UN Sends Aid to Thousands of Syrian Refugees Using Ethereum’s Blockchain


As reported by Coindesk a little over a month ago, the United Nations World Food Program (WFP) launched an innovative test program to deliver aid to impoverished areas in the middle east using blockchain technology based on Ethereum. The pilot program was declared a success on May 31st after over 10,000 Syrian refugees were confirmed to have received aid. With all the news Ethereum has been making, especially in regards to cryptocoins and ICOs based on the technology raising huge sums of money, another aspect of the technology many people forget about is its many other positive uses.

Successful Pilot Program Aided 10,000 Refugees

The pilot program began on May 1st in Jordan with the WFP sending an undisclosed amount of Jordanian dinar to over 10,000 refugees using Ethereum’s blockchain technology. The dinar were transmitted as a cryptographic coupon to several shops within 5 refugee camps. Then, using eye-scanning devices developed by IrisGuard, which is based out of London, the coupons were distributed to refugees who previously had their irises scanned and identities verified. These refugees were part of a database of over 500,000 refugees cleared to receive aid. Refugees were then able to redeem coupons for actual cash at nearby checkout stations.
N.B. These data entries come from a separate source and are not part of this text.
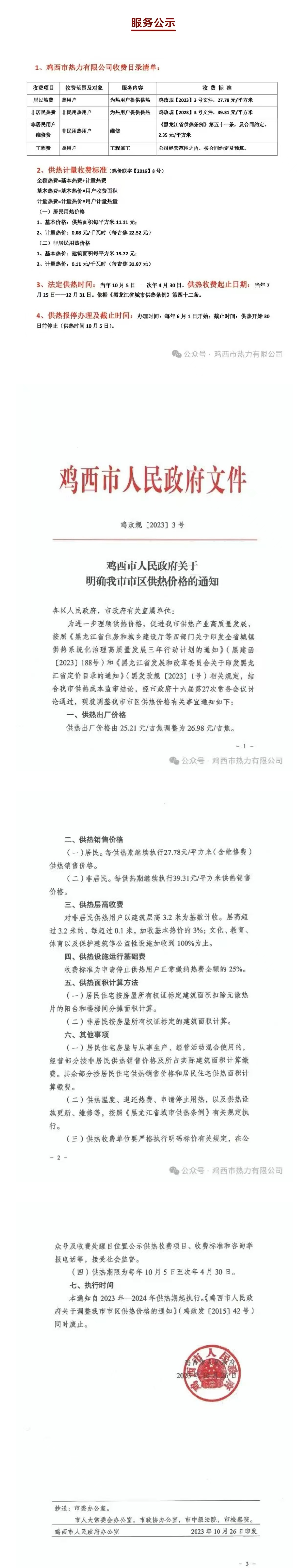 服務(wù)公示——附《雞西市人民政府關(guān)于明確我市市區(qū)供熱價格的通知》雞政規(guī)【2023】3號文件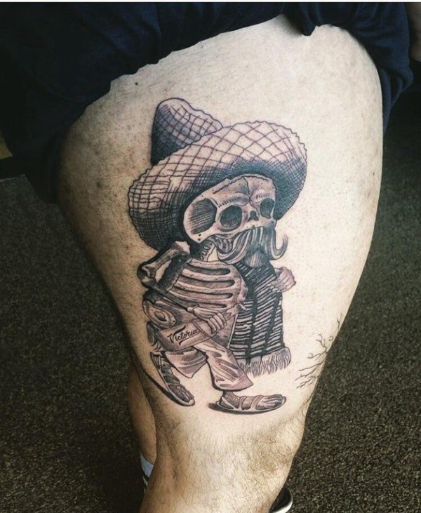 骷髅纹身 男生大腿上黑色的骷髅纹身图片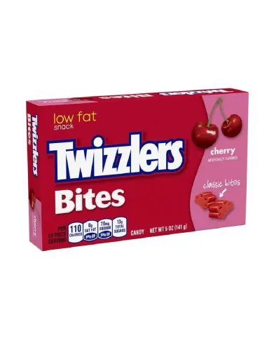 ¡Descubre los dulces American Twizzlers Bites Cherry y dale un giro a tus días! Deliciosos e indulgentes, estos Twizzlers con sabor a cereza son increíbles. Están en un formato llamado "Bocados" que los hace aún más fáciles de comer. El paquete pesa 141 gy contiene solo 110 calorías.

UN Exploring Other Ethereum Applications

By utilizing blockchain technology to distribute cash to refugees, the UN added another level of security and made sure the right refugees received the correct amounts of aid. With the announcement of the success of the pilot program, the UN now wants to hopefully expand similar programs to send aid to over 800,000 refugees by 2018. Not only that, according to Coindesk, the UN has 7 different agencies exploring the possibility of using blockchain technology in future endeavors. The UN Office of Project Services has organized a cross-agency working group specifically focused on blockchain technologies. Besides the WFP, the UN Children’s Fund (UNICEF), the UN Development Programme, UN Women, UN High Commissioner for Refugees, and UN Development Group are all working together to develop applications for blockchain.

Not Just About Coins

Several Ethereum-based ICOs, including one that raised over $30 million in 30 seconds, along with a recent surge in price of Ether, the cryptocoin based on Ethereum, have had people around the world talking about the network’s blockchain. With most of the focus on the technologies financial implications, people have forgotten that blockchain can be used for a multitude of applications. For example, Toyota is developing a self-driving car using blockchain technology. The UNs successful aid program based on Ethereum’s blockchain is another example of the versatility of Ethereum. Hopefully, with more and more mainstream company’s exploring Ethereum’s uses, we’ll see innovative dreas that are currently unimaginable become reality.